It was the first time I relieved myself in an out-house, rode a horse—or maybe it was a mule—and the first time I showered outdoors under a spigot hanging from a beam on the porch.
That was also the first time I came face-to-face with a poisonous snake; it had wrapped itself around a gate post. That was also the only time in my life when I think I ran the 50-yard dash in under 6 seconds!
Instead of camping, we belonged to a golf and country club, where we spent most weekends and long vacation breaks. My older sister, brother, and I hung out at the swimming pool or the lake while our parents played golf, and the nanny watched my younger sister and brother.
And if we got hungry, we would go into one of the dining rooms, eat, and sign the tab. This hardly compares to a Summer Camp experience.
But I digress.
A few weeks ago, my oldest son told me about his camp experience when he was 15. I felt a pang of guilt for subjecting him to the experience he described. I had never stopped to consider how he must have felt when we signed him up. I honestly don’t remember if we even asked him if he wanted to go.
If I had known then what I know today about stress and adverse childhood experiences, I don’t think I would have put him on the Britannia to go for a week to Anvil Island. My wife and I thought this would be good for him. We had heard great things about the camp from friends at church who had been staff for many years.
But that summer, my son was recovering from knee surgery to repair the damage from a ski accident on his last run of the season. He didn’t know a soul at the camp, and adding to his misery, he was wearing a leg and knee brace for support. He was self-conscious and sat on the sidelines for most of the week. He hated it!
In case you’re from Anvil Island, this is not a criticism of the camp.
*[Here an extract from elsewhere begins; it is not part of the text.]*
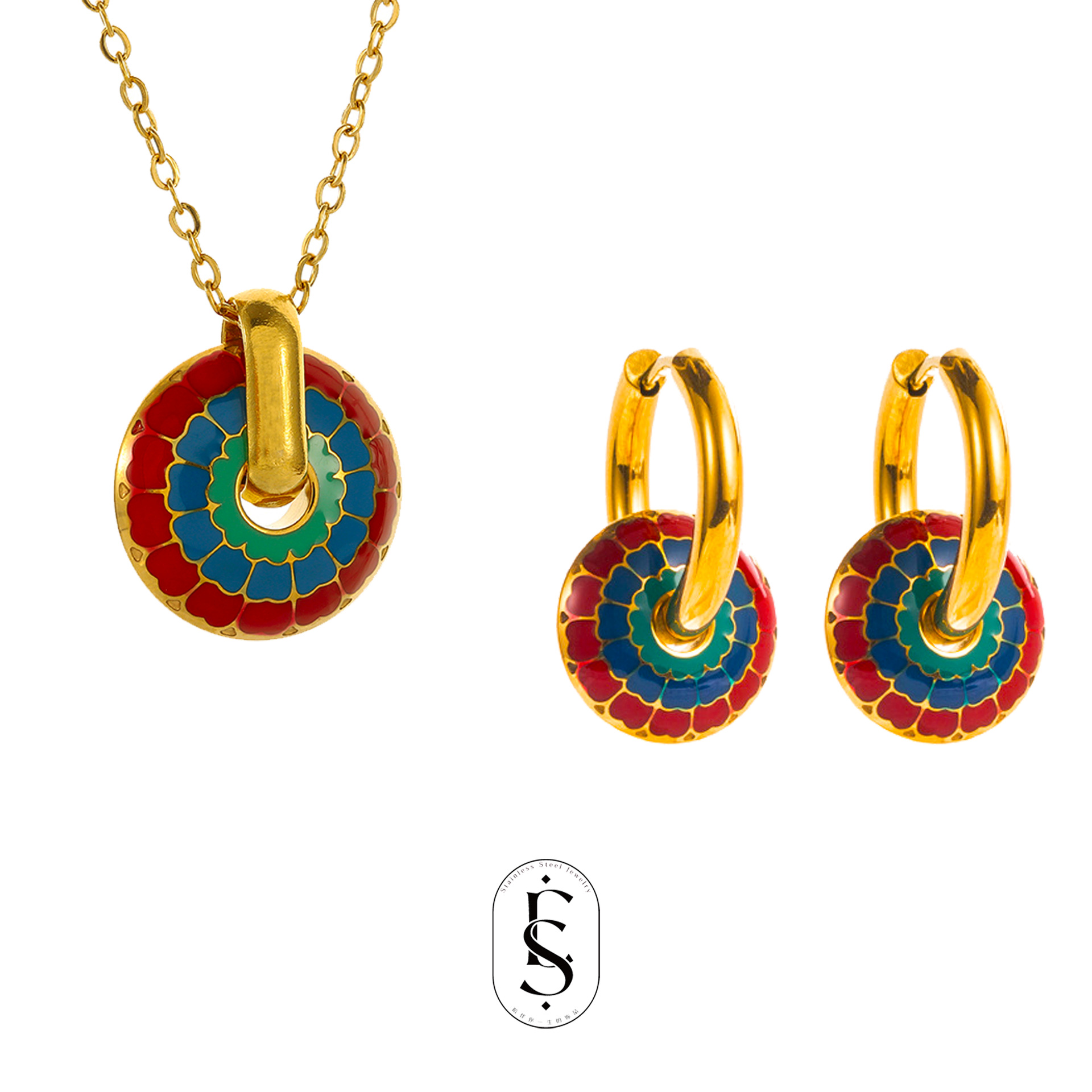 European and American Cross-Border Retro Oil-Dropping Round Fan-Shaped Painted Necklace Earrings Jewelry Set High-End Fashion Trend for Women

It’s a criticism of me. I didn’t consider his needs; I forced him to go. That is what tainted his experience.
There was a counsellor who made a valiant attempt to help make his time more enjoyable, and we were grateful for that. But as parents, we made a mistake; we were wrong for forcing him to go to summer camp. The only thing my son remembers about his Summer Camp experience is how he felt self-conscious, uncomfortable, sad, hurt, and ultimately angry.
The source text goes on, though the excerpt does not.